| Material provided |

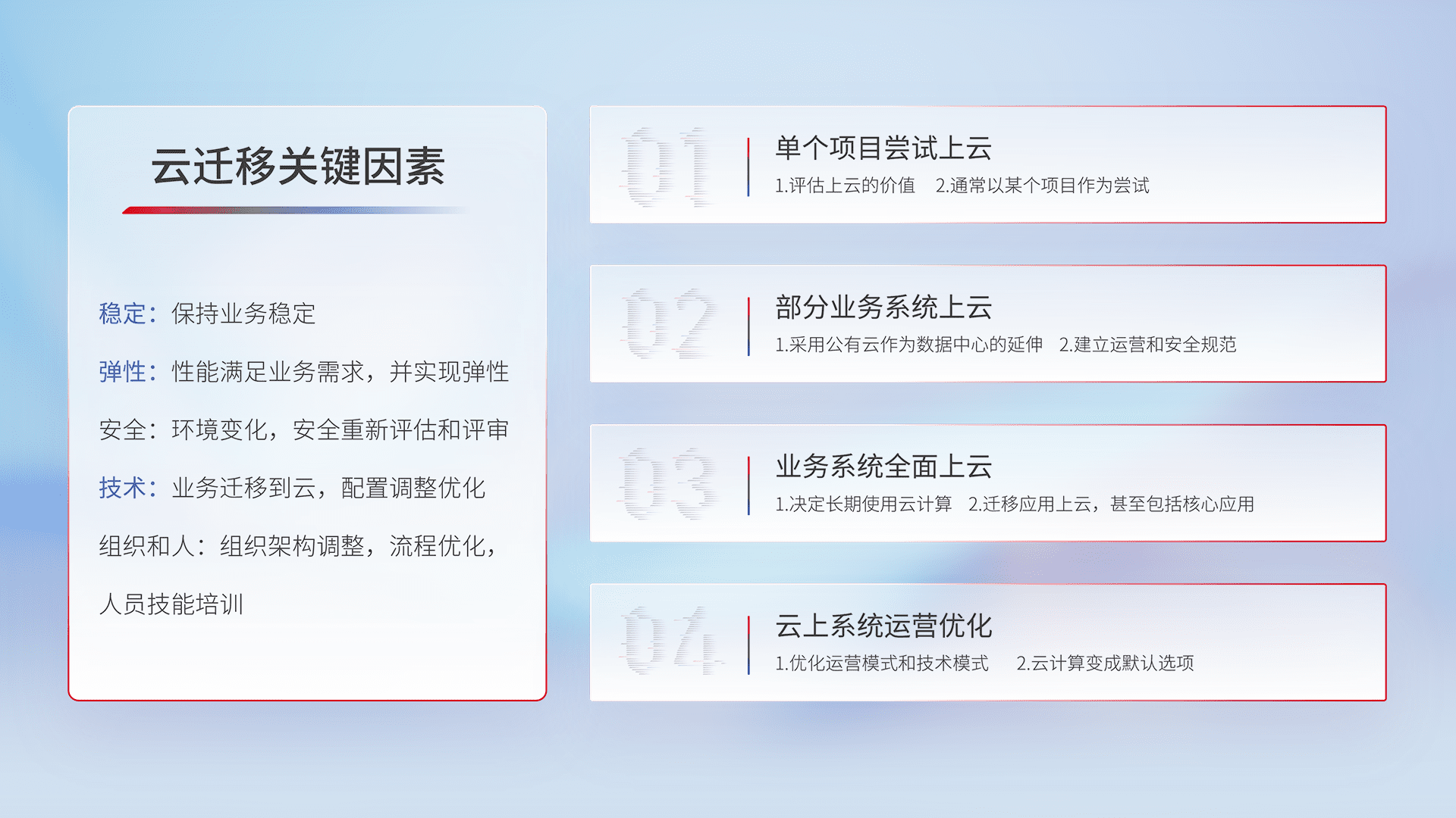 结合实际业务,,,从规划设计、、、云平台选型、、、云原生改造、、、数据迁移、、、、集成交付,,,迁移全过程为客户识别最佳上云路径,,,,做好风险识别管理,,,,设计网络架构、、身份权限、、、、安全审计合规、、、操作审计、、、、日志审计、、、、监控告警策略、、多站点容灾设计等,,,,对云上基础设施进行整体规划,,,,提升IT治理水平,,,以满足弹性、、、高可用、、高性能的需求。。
...
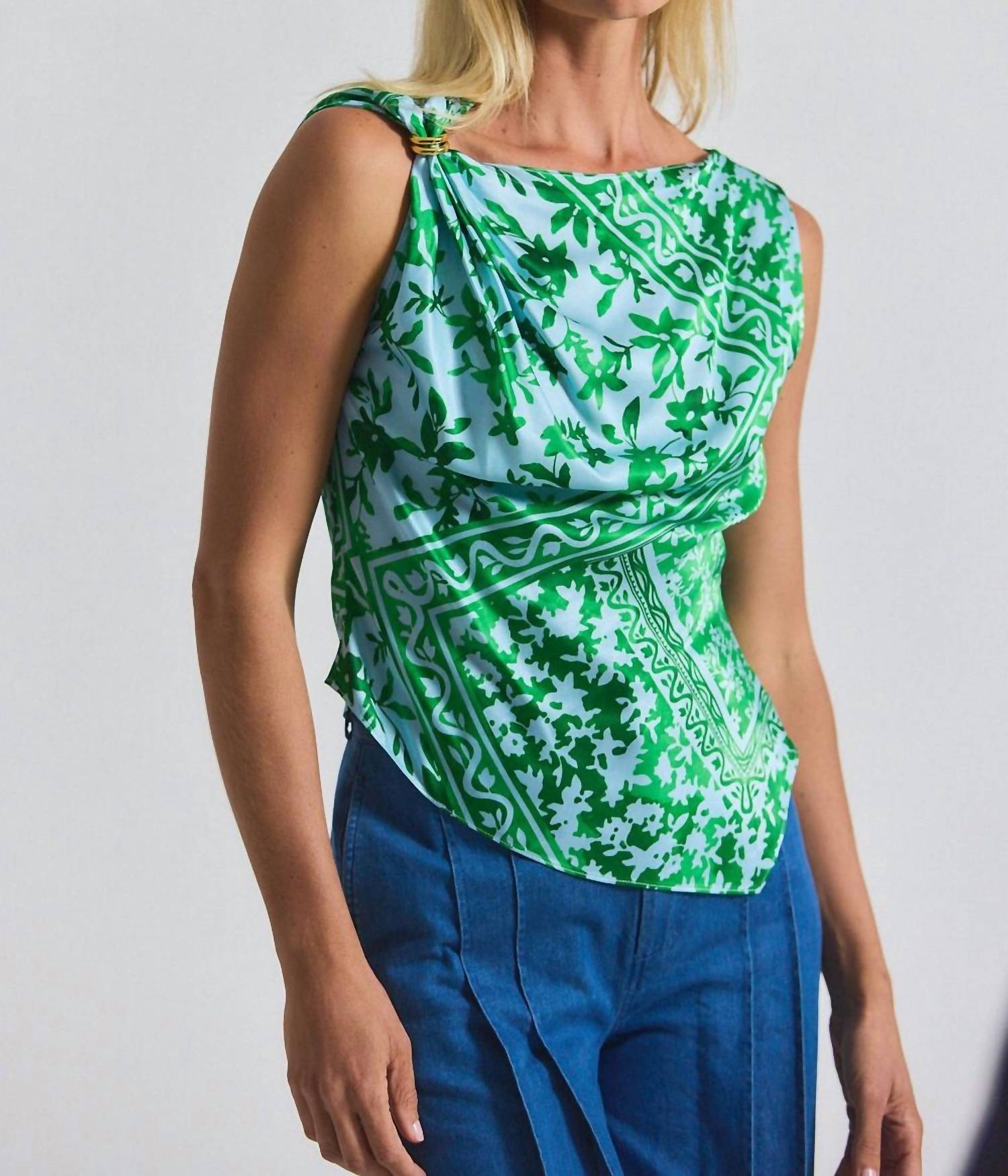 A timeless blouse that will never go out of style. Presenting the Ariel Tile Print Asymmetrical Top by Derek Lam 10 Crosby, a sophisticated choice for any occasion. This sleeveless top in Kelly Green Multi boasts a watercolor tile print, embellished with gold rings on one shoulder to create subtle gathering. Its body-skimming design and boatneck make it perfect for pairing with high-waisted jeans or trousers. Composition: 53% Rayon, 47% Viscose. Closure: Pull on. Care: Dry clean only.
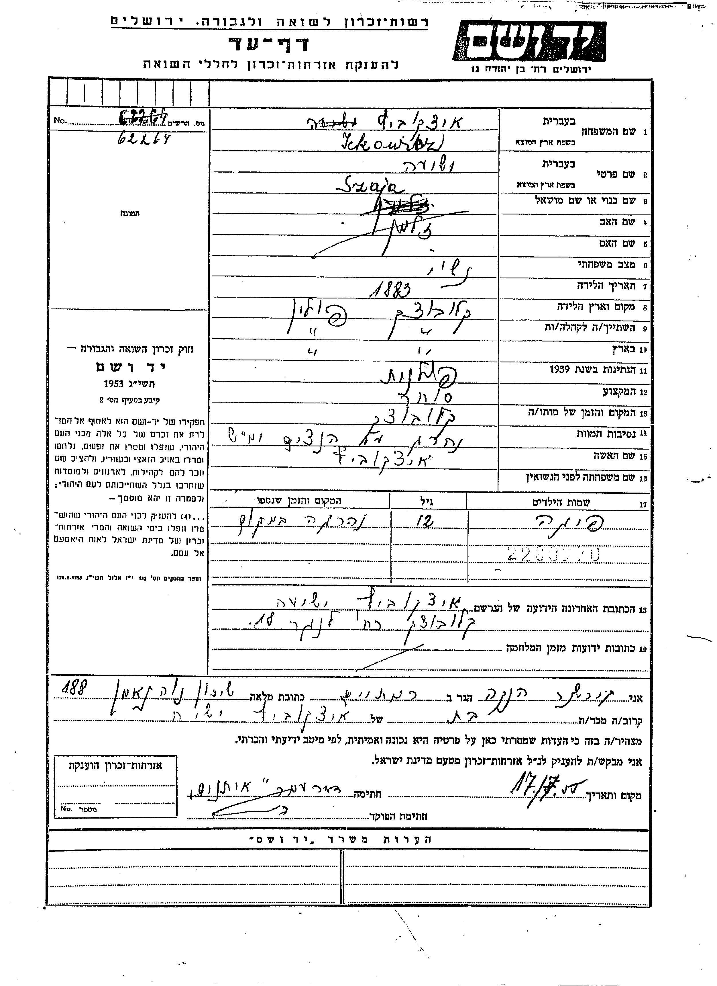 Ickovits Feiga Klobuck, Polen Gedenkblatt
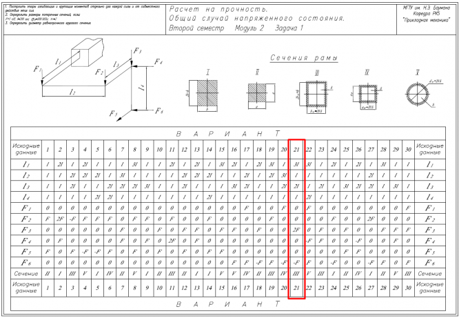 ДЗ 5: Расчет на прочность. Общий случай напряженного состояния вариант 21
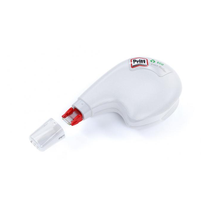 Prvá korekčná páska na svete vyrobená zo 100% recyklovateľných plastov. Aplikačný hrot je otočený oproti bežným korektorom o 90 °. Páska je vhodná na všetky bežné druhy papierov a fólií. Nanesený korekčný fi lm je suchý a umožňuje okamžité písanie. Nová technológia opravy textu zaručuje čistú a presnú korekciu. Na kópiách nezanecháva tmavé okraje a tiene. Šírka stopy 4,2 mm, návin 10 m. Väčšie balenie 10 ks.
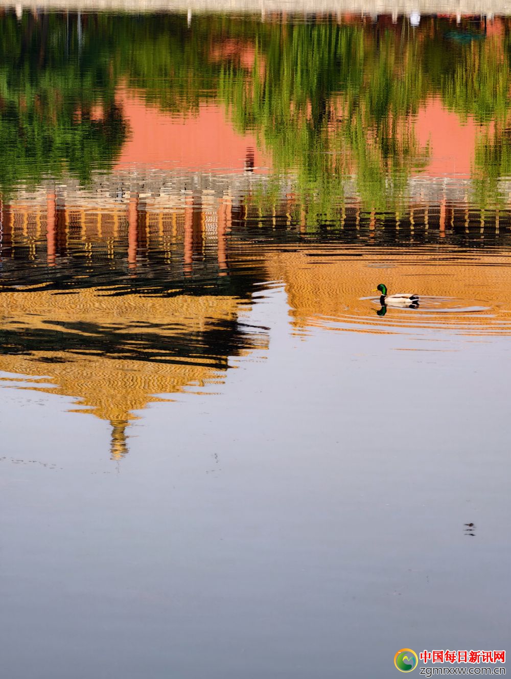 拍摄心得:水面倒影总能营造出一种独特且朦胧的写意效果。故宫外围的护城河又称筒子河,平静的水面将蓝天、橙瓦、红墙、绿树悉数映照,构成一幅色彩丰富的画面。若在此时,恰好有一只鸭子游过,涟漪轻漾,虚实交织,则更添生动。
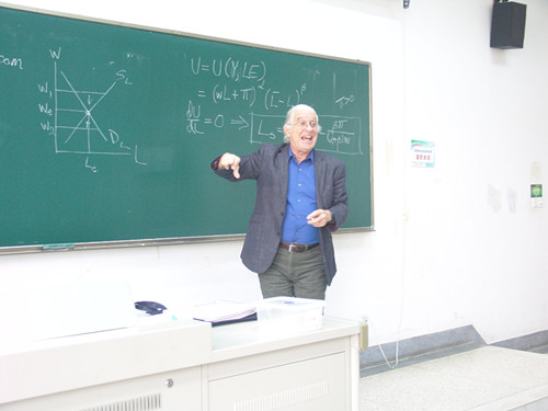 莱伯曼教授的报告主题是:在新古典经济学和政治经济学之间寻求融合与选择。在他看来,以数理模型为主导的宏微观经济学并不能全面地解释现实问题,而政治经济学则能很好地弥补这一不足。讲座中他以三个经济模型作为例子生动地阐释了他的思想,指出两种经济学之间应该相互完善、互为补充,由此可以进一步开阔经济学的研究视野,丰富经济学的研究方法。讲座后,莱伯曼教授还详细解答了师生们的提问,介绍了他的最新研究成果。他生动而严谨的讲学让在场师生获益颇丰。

| Work to complete |
Of the lines above, quote exactly those from the one with "拍摄心得:水面倒影总能营造出" through the one with "莱伯曼教授的报告主题是:在新", ends included; pictures stay out.

| Final answer |
 拍摄心得:水面倒影总能营造出一种独特且朦胧的写意效果。故宫外围的护城河又称筒子河,平静的水面将蓝天、橙瓦、红墙、绿树悉数映照,构成一幅色彩丰富的画面。若在此时,恰好有一只鸭子游过,涟漪轻漾,虚实交织,则更添生动。
 莱伯曼教授的报告主题是:在新古典经济学和政治经济学之间寻求融合与选择。在他看来,以数理模型为主导的宏微观经济学并不能全面地解释现实问题,而政治经济学则能很好地弥补这一不足。讲座中他以三个经济模型作为例子生动地阐释了他的思想,指出两种经济学之间应该相互完善、互为补充,由此可以进一步开阔经济学的研究视野,丰富经济学的研究方法。讲座后,莱伯曼教授还详细解答了师生们的提问,介绍了他的最新研究成果。他生动而严谨的讲学让在场师生获益颇丰。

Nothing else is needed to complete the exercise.